(Source records)
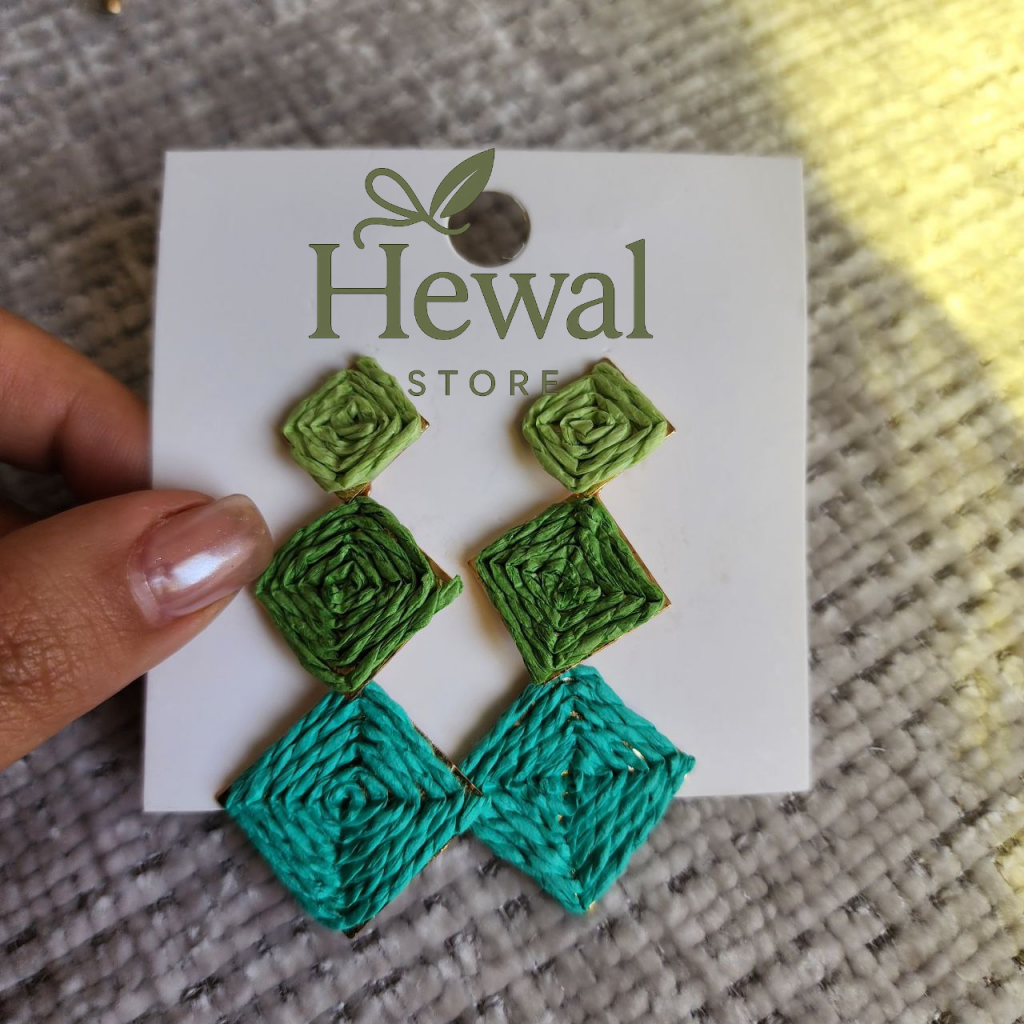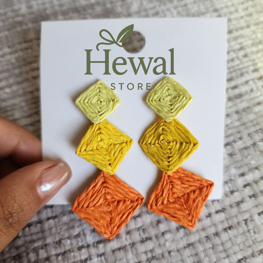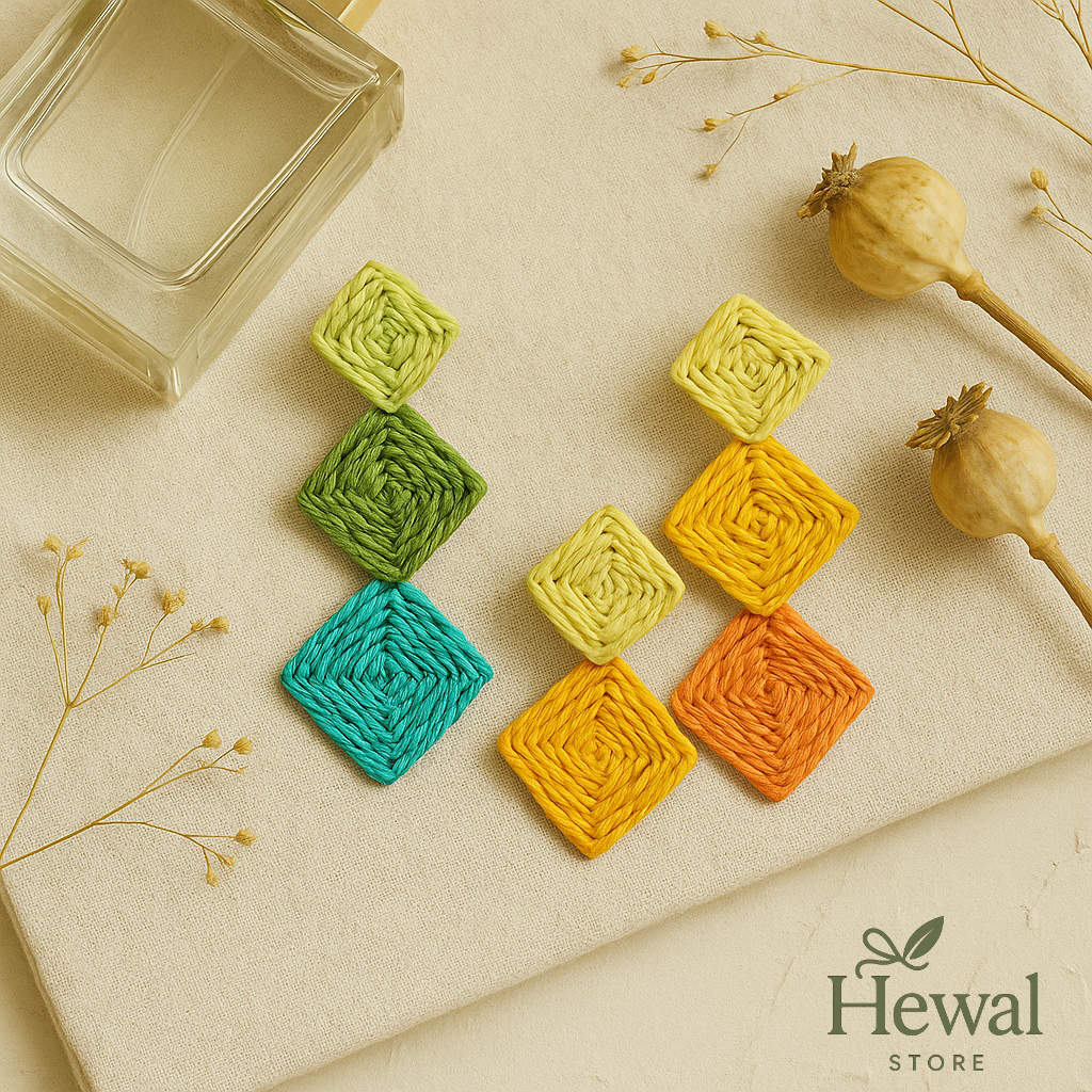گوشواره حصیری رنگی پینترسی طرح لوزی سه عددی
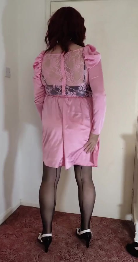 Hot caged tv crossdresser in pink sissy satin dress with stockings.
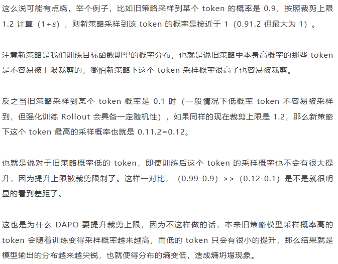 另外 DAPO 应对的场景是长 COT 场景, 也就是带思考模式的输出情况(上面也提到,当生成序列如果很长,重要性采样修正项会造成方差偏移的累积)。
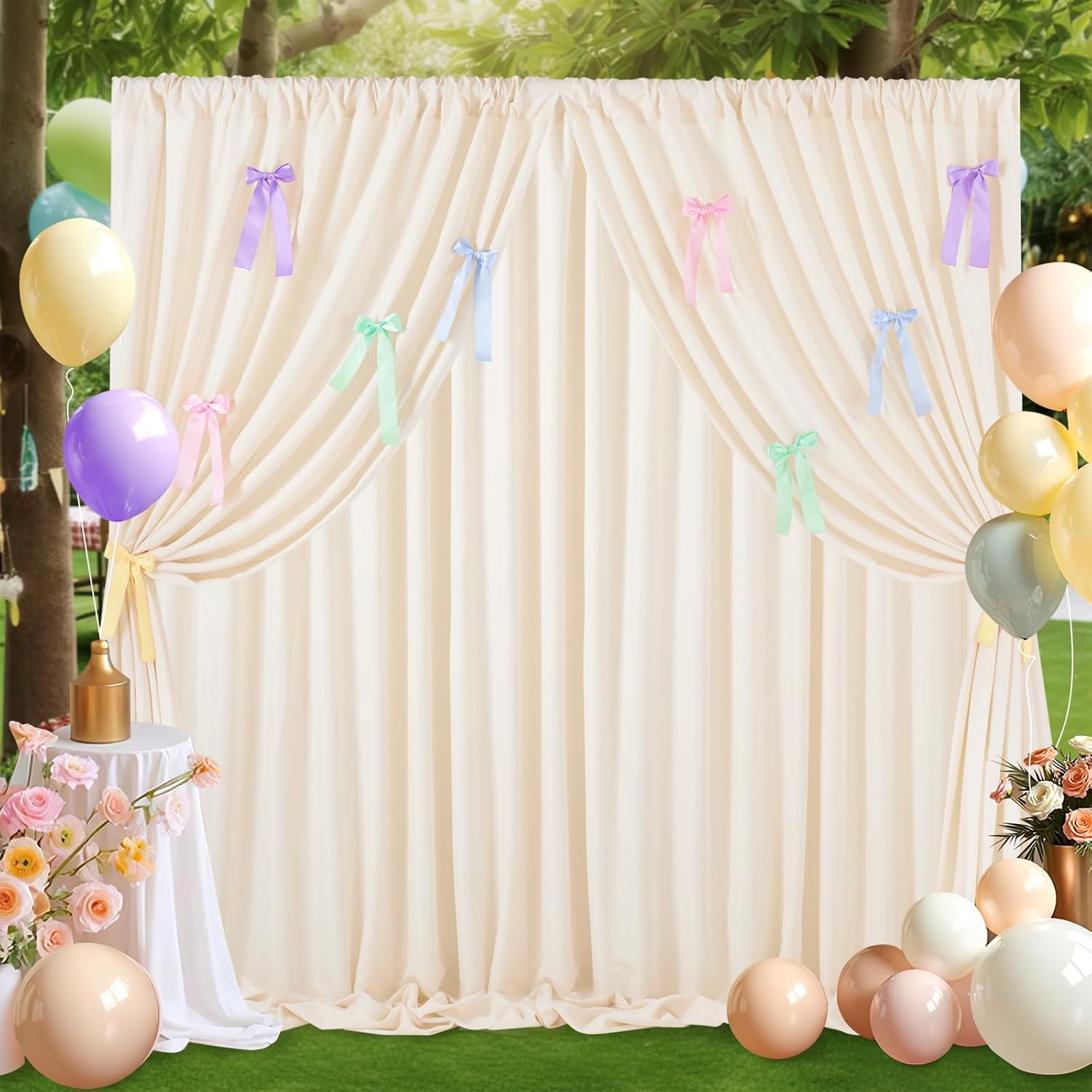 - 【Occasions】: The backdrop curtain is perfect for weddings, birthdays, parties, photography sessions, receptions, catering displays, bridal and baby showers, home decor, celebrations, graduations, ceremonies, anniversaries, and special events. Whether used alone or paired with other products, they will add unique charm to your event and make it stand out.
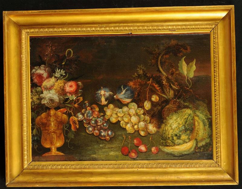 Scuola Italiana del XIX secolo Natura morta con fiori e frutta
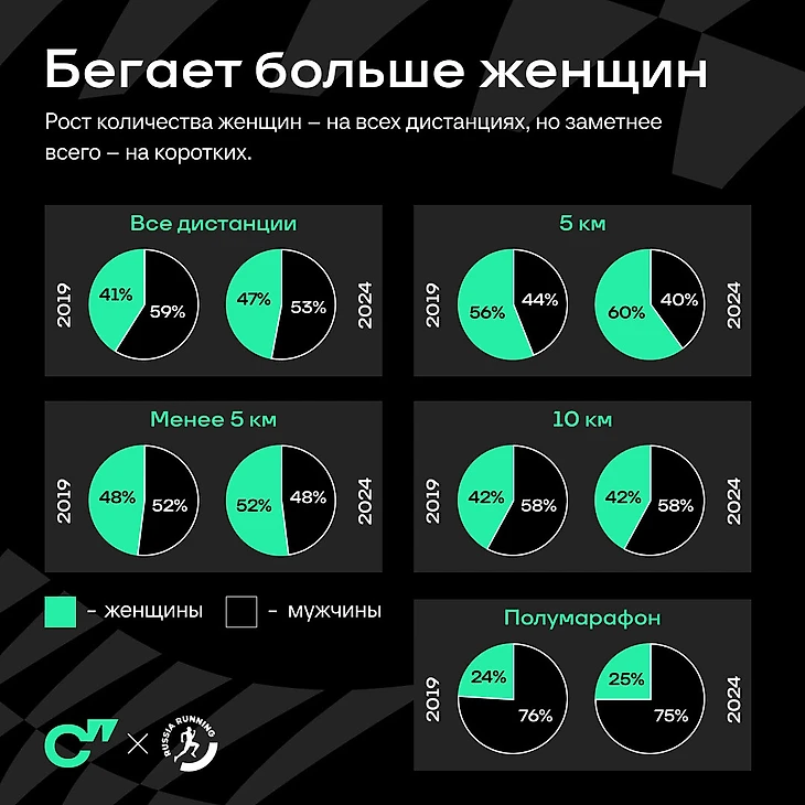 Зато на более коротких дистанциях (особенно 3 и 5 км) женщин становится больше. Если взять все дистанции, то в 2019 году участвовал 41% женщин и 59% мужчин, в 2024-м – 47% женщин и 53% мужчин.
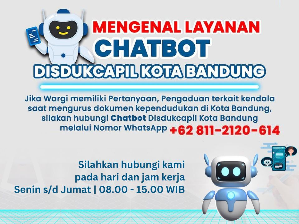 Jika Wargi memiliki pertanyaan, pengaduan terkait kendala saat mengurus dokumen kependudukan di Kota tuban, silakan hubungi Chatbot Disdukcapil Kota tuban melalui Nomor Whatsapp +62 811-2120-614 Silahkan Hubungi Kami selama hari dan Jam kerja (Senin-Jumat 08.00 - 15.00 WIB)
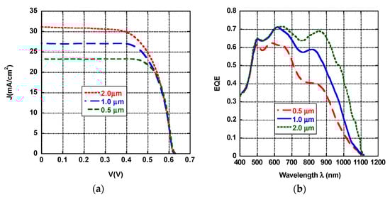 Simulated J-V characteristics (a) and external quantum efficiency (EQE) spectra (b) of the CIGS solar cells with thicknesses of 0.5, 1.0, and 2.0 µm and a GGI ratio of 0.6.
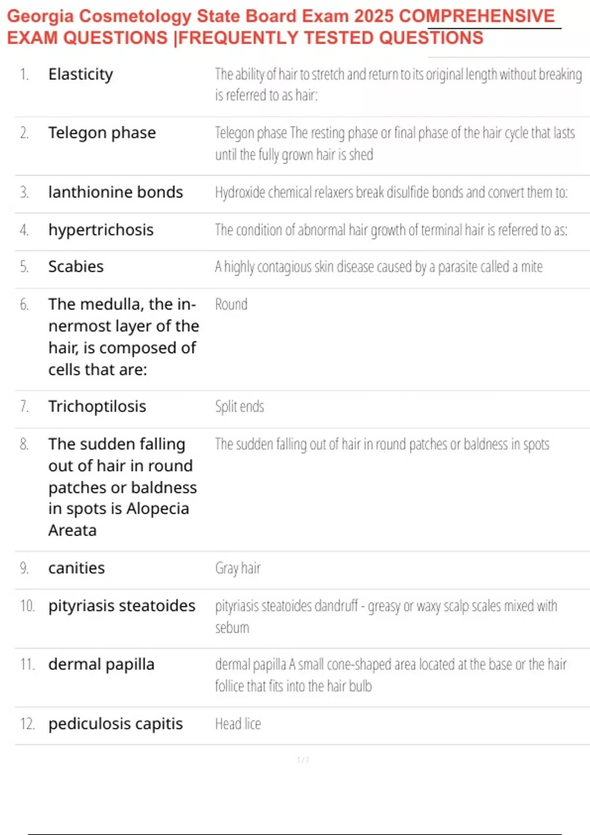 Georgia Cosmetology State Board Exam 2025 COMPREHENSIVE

• TASK DETAILS: Whatever pictures the entries contain, omit them, and write the rest out exactly.

• FINISHED EXERCISE:
گوشواره حصیری رنگی پینترسی طرح لوزی سه عددی
 Hot caged tv crossdresser in pink sissy satin dress with stockings.
 另外 DAPO 应对的场景是长 COT 场景, 也就是带思考模式的输出情况(上面也提到,当生成序列如果很长,重要性采样修正项会造成方差偏移的累积)。
 - 【Occasions】: The backdrop curtain is perfect for weddings, birthdays, parties, photography sessions, receptions, catering displays, bridal and baby showers, home decor, celebrations, graduations, ceremonies, anniversaries, and special events. Whether used alone or paired with other products, they will add unique charm to your event and make it stand out.
 Scuola Italiana del XIX secolo Natura morta con fiori e frutta
 Зато на более коротких дистанциях (особенно 3 и 5 км) женщин становится больше. Если взять все дистанции, то в 2019 году участвовал 41% женщин и 59% мужчин, в 2024-м – 47% женщин и 53% мужчин.
 Jika Wargi memiliki pertanyaan, pengaduan terkait kendala saat mengurus dokumen kependudukan di Kota tuban, silakan hubungi Chatbot Disdukcapil Kota tuban melalui Nomor Whatsapp +62 811-2120-614 Silahkan Hubungi Kami selama hari dan Jam kerja (Senin-Jumat 08.00 - 15.00 WIB)
 Simulated J-V characteristics (a) and external quantum efficiency (EQE) spectra (b) of the CIGS solar cells with thicknesses of 0.5, 1.0, and 2.0 µm and a GGI ratio of 0.6.
 Georgia Cosmetology State Board Exam 2025 COMPREHENSIVE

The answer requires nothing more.